Thanks for all of this practical advice.
I think my course of action will be that I will leave it "as is" for a month or so, but run through Richie's checklist.
Then, when I have calmed down, I will have to remove the whole switch to get the motor cover off (since this is one of only two switches where I left the motor cover screwed down when I mounted the switch), and see what is inside.
If I can't really see anything, then I'm going to try using a barrel connector to go over the split-4 pin. (I just saw one of these last week when I replaced a 6 volt tail light on my tractor, and the light came with one of these barrel connectors attached.)
If that doesn't work, then I'm going to permanently solder a 6 inch wire to it, and wrap it in electric tape to seal it up.
When I remove the motor cover, if I see anything mechanically wrong, I will post a picture of it here, as a warning to others of what can happen.
My current "theory" is this: I always had trouble with this particular split-pin, because the original plug it came with was too loose and it was giving me a spotty connection. So, I very gently "spread" the four parts of the pin with a razor blade, to open the parts up just a bit, and put the plug back on. This lasted for a few months, but then I started having some spotty current flow again.
So, I threw the original plug away, and replaced it with a new one. The new plug seemed to have a noticeably smaller hole in the end, and fit much tighter. This seemed to fix the electrical problem.
But, I had to pull that plug off, in order to fit the track bed under the motor housing.

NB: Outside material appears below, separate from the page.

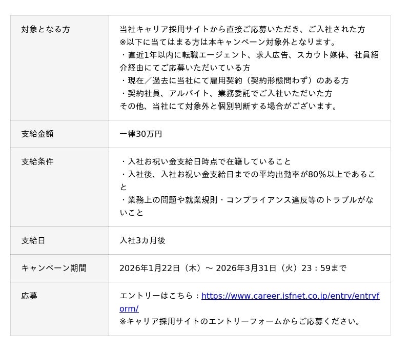 株式会社アイエスエフネット(本社:東京都港区/代表取締役:渡邉幸義、以下アイエスエフネット)は、ITインフラエンジニアの採用を強化するため、2026年1月22日から3月31日までの期間に、入社お祝い金キャンペーンを実施いたします。

I think that when I shoved it back on, the hole in the end of the plug was not totally lined up at a 90 degree angle with the four-split pin. I think that the hole captured three of the pin prongs into the plug, but the plug housing got "underneath" one of the pin prongs, so that when I pushed the plug in, it peeled that pin prong up and away from the rest of the pin like a piece of banana peel. That "one fourth" pin section then touched the metal housing or an end wire inside of the switch, and carried the constant voltage current straight into the track.
Just my theory. I'll let you know when I open up the housing.